Currently, there are multiple e-voting service providers (ESPs) providing e-voting facility to listed entities in India. This necessitates registration on various ESPs and maintenance of multiple user IDs and passwords by the shareholders.

In order to increase the efficiency of the voting process, pursuant to a public consultation, it has been decided to enable e-voting to all the demat account holders, by way of a single login credential, through their demat accounts/ websites of Depositories/ Depository Participants. Demat account holders would be able to cast their vote without having to register again with the ESPs, thereby, not only facilitating seamless authentication but also enhancing the ease and convenience of participating in the e-voting process.

Step 1 Access through Depositories CDSL/NSDL e-Voting system in case of individual shareholders holding shares in demat mode

(iii) In terms of SEBI circular no.
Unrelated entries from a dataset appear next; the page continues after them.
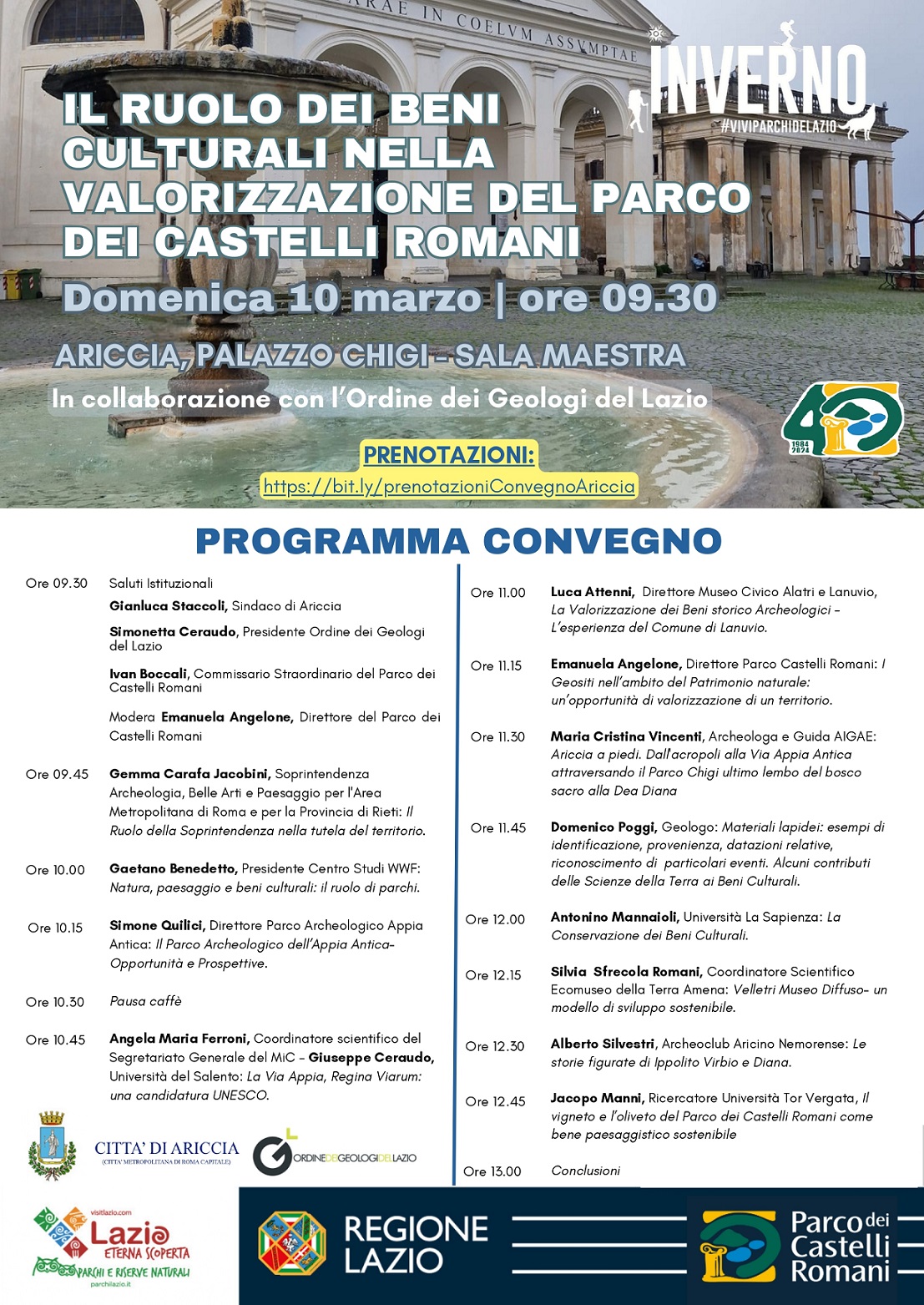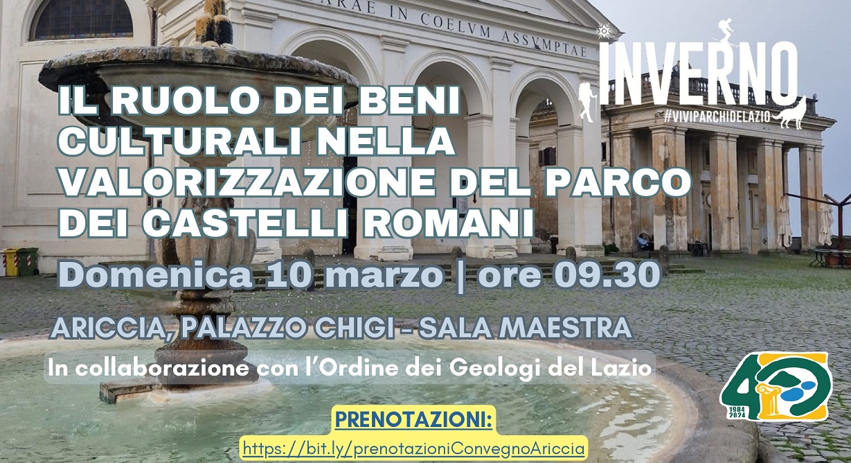 Domenica 10 marzo alle ore 9:30, presso la Sala Maestra di Palazzo Chigi, si svolgerà il convegno: "Il ruolo dei Beni Culturali nella valorizzazione del Parco dei Castelli Romani".
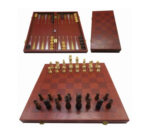 סט ששבש / שחמט / דמקה במארז דמוי עור - גדול
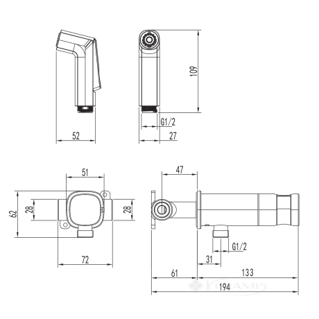 Гигиенический набор Imprese хром (VR30704U-BT):
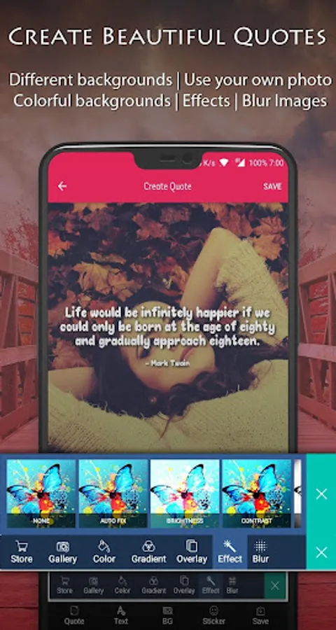 Picture Quotes and creator app helps you to create your own quotes with a beautiful background images, colors or your image as background.
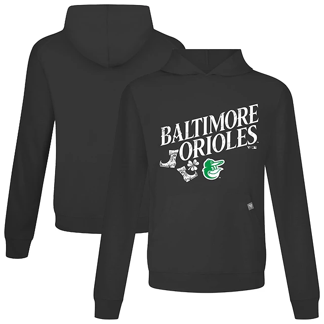 Men's Levelwear Black Baltimore Orioles St. Patrick's Day Relay Boots Pullover Hoodie
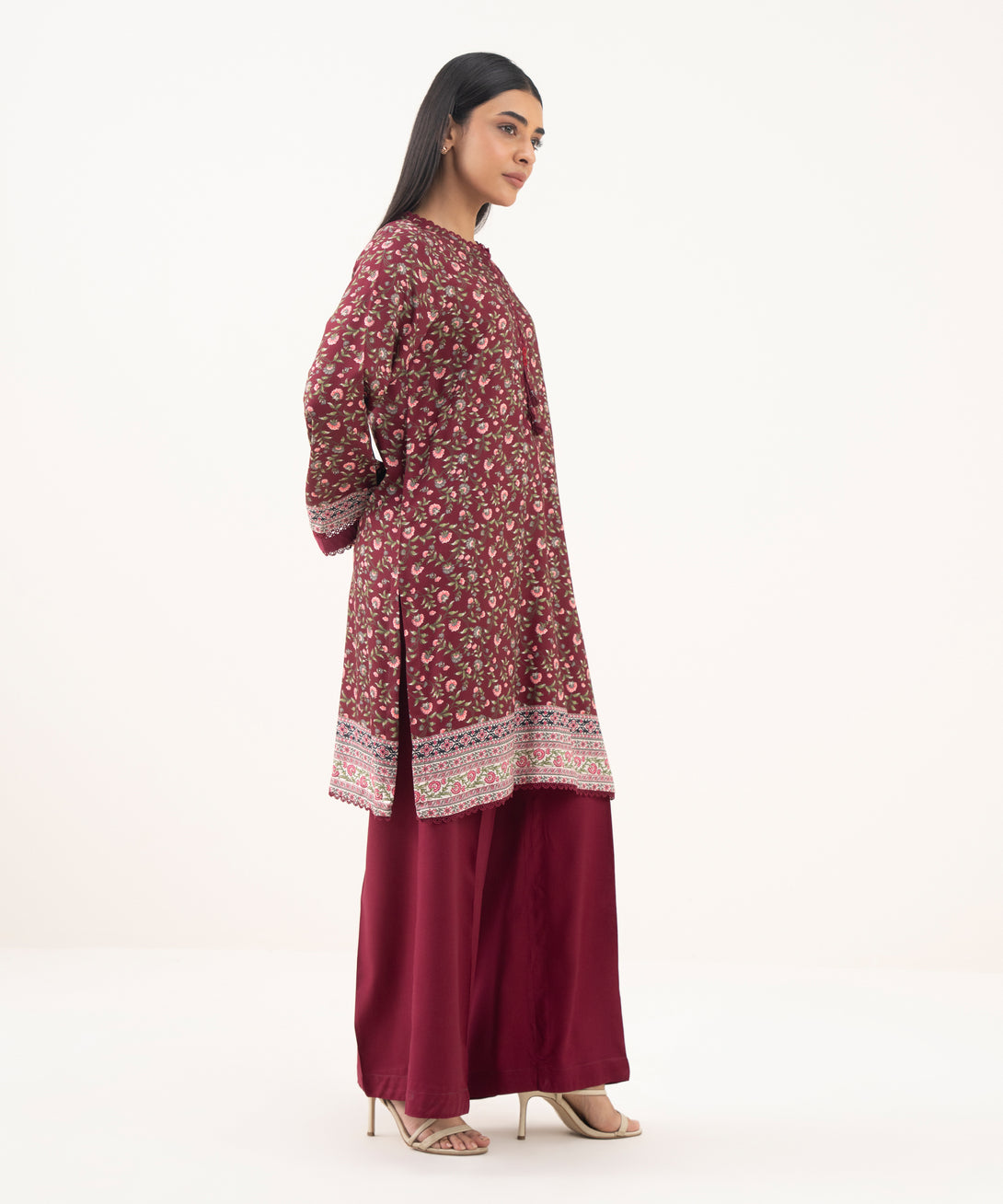 Printed With Lace Finish Front Panel, Printed Back Panel, Round With Slit Neckline, Full Sleeves, Short Length
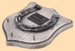 Размер медальона 19 на 22 см, с дополнительными подвесами чтобы вешать ключи (ключница) Медальон для подковы изготовлен из бука, покрашен под светлое дерево и покрыт матовым лаком Размер подковы 13 на 13 см Подкова штампованная, покрыта патиной с серебром Размер таблички 4 на 7 см Табличка кованная, покрыта патиной с серебром Вес подковы - 900 гр. Производитель Россия
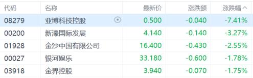 博彩股走低,亚博科技控股跌超7%,新濠国际发展跌超3%,金沙中国、银河娱乐、金界控股跟跌。
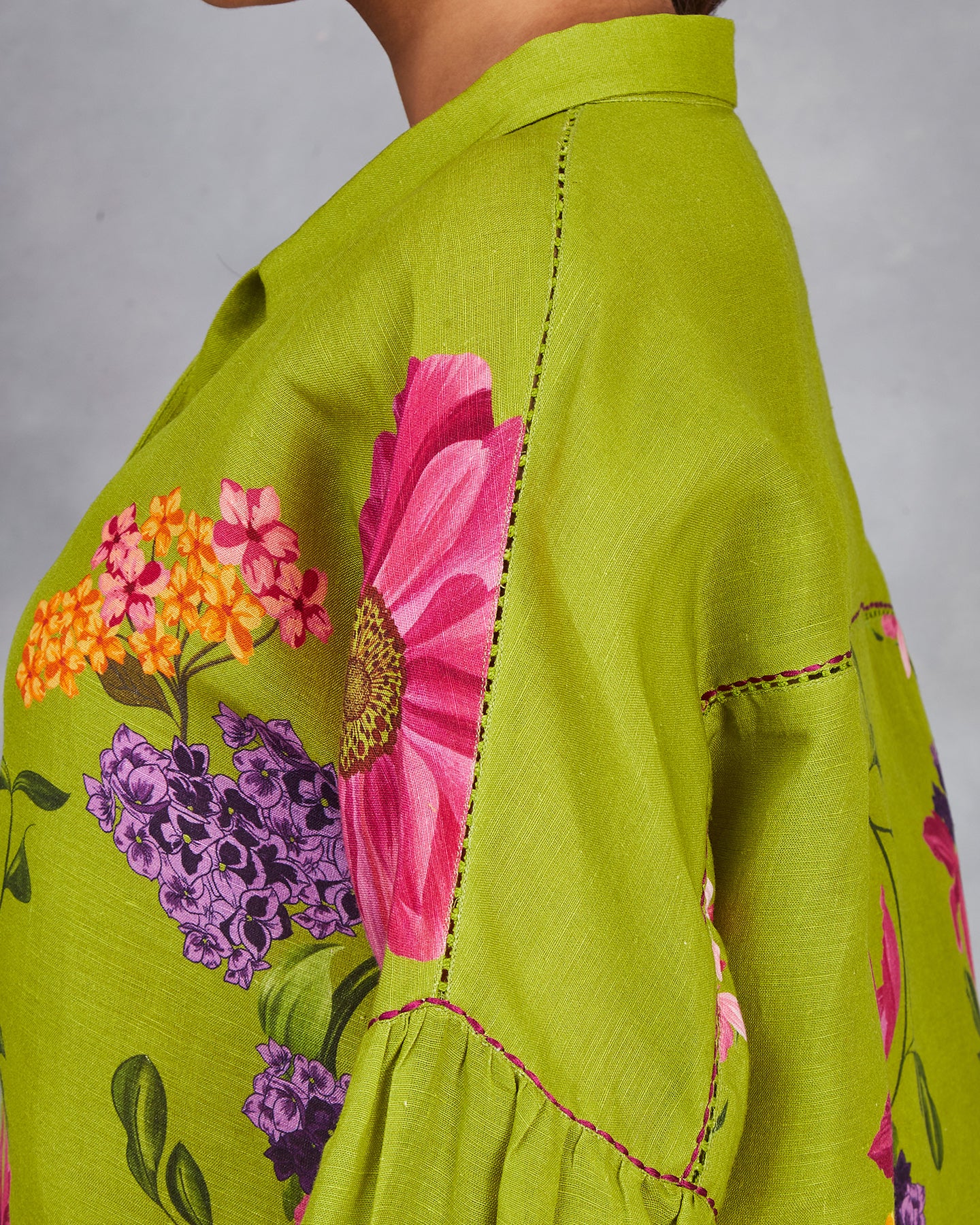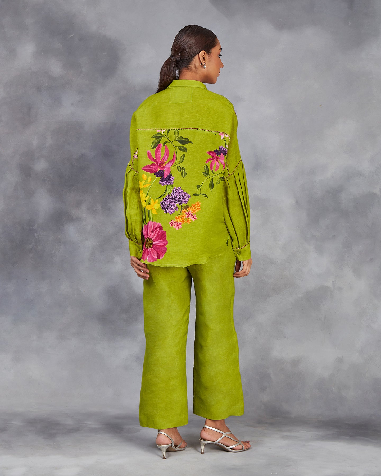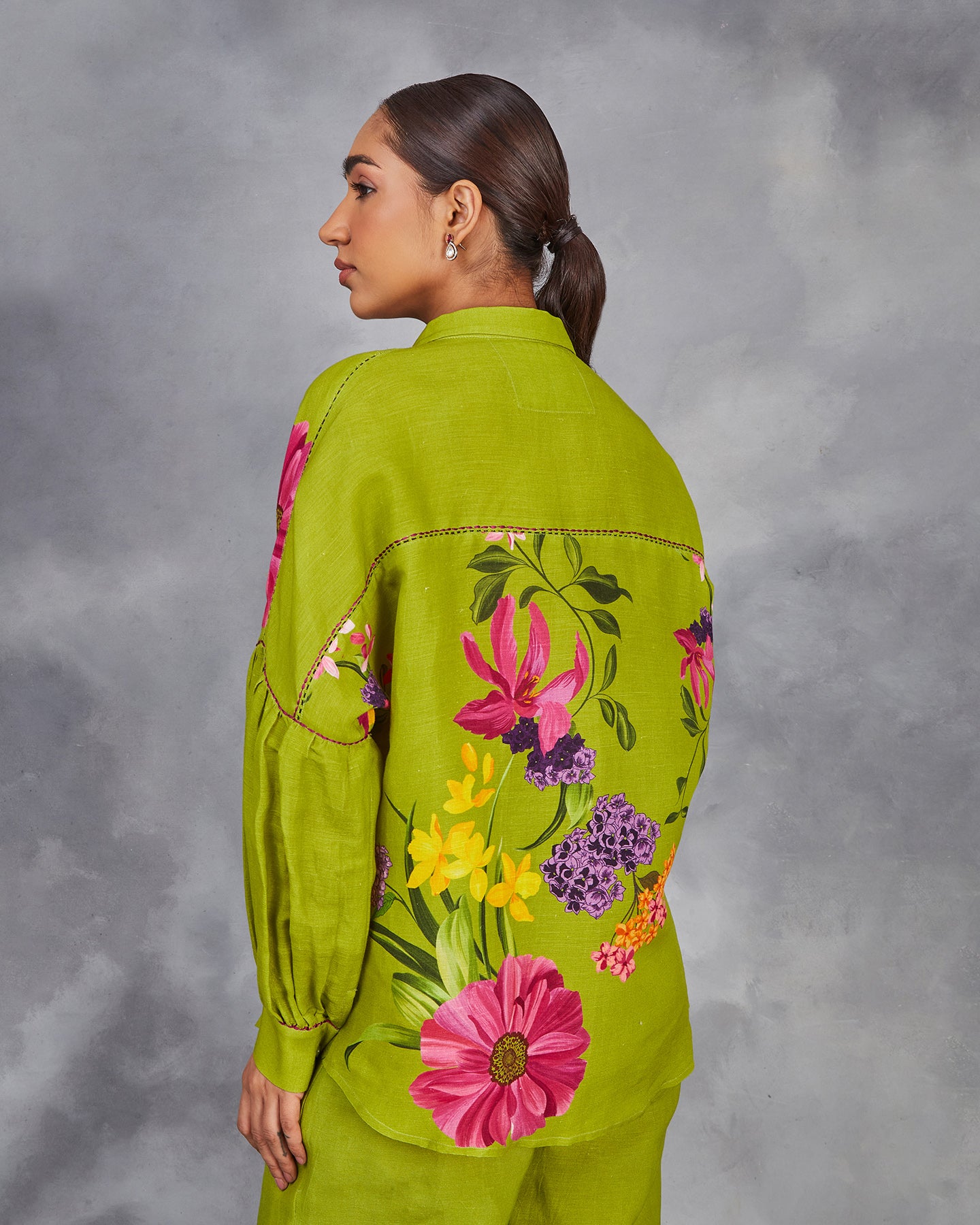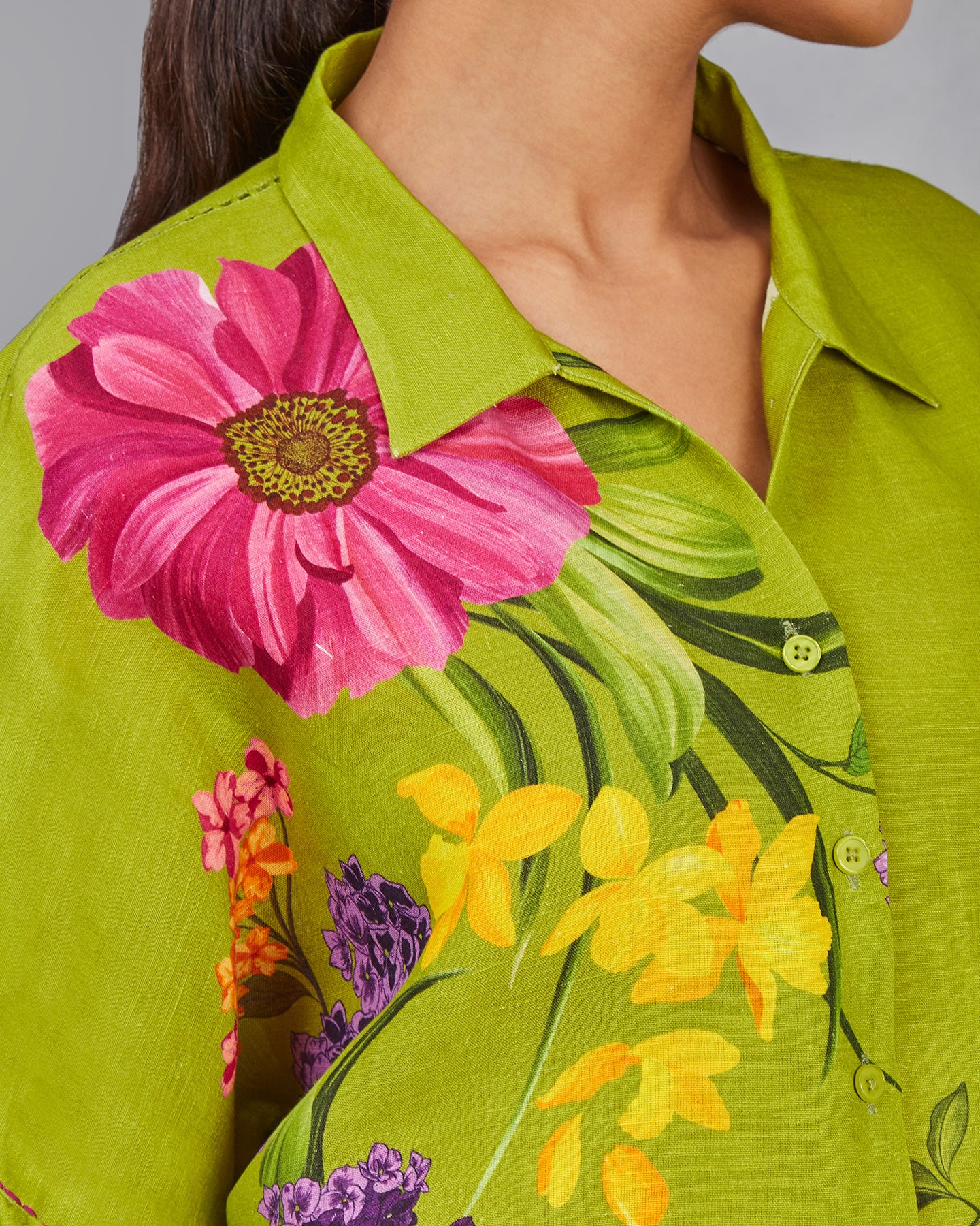 This is a green pure linen co-ordinate set with digitally printed multi-coloured flowers. The shirt features a classic collar, front placket, bishop sleeves with cuffs, and intricate thread detailing. Paired with loose pants that have been accented with a slit and buttons.

SEBI/HO/CFD/CMD/CIR/P/2020/242 dated December 9, 2020 on e-Voting facility provided by Listed Companies, Individual shareholders holding securities in demat mode are allowed to vote through their demat account maintained with Depositories and Depository Participants. Shareholders are advised to update their mobile number and email Id in their demat accounts in order to access the e-Voting facility.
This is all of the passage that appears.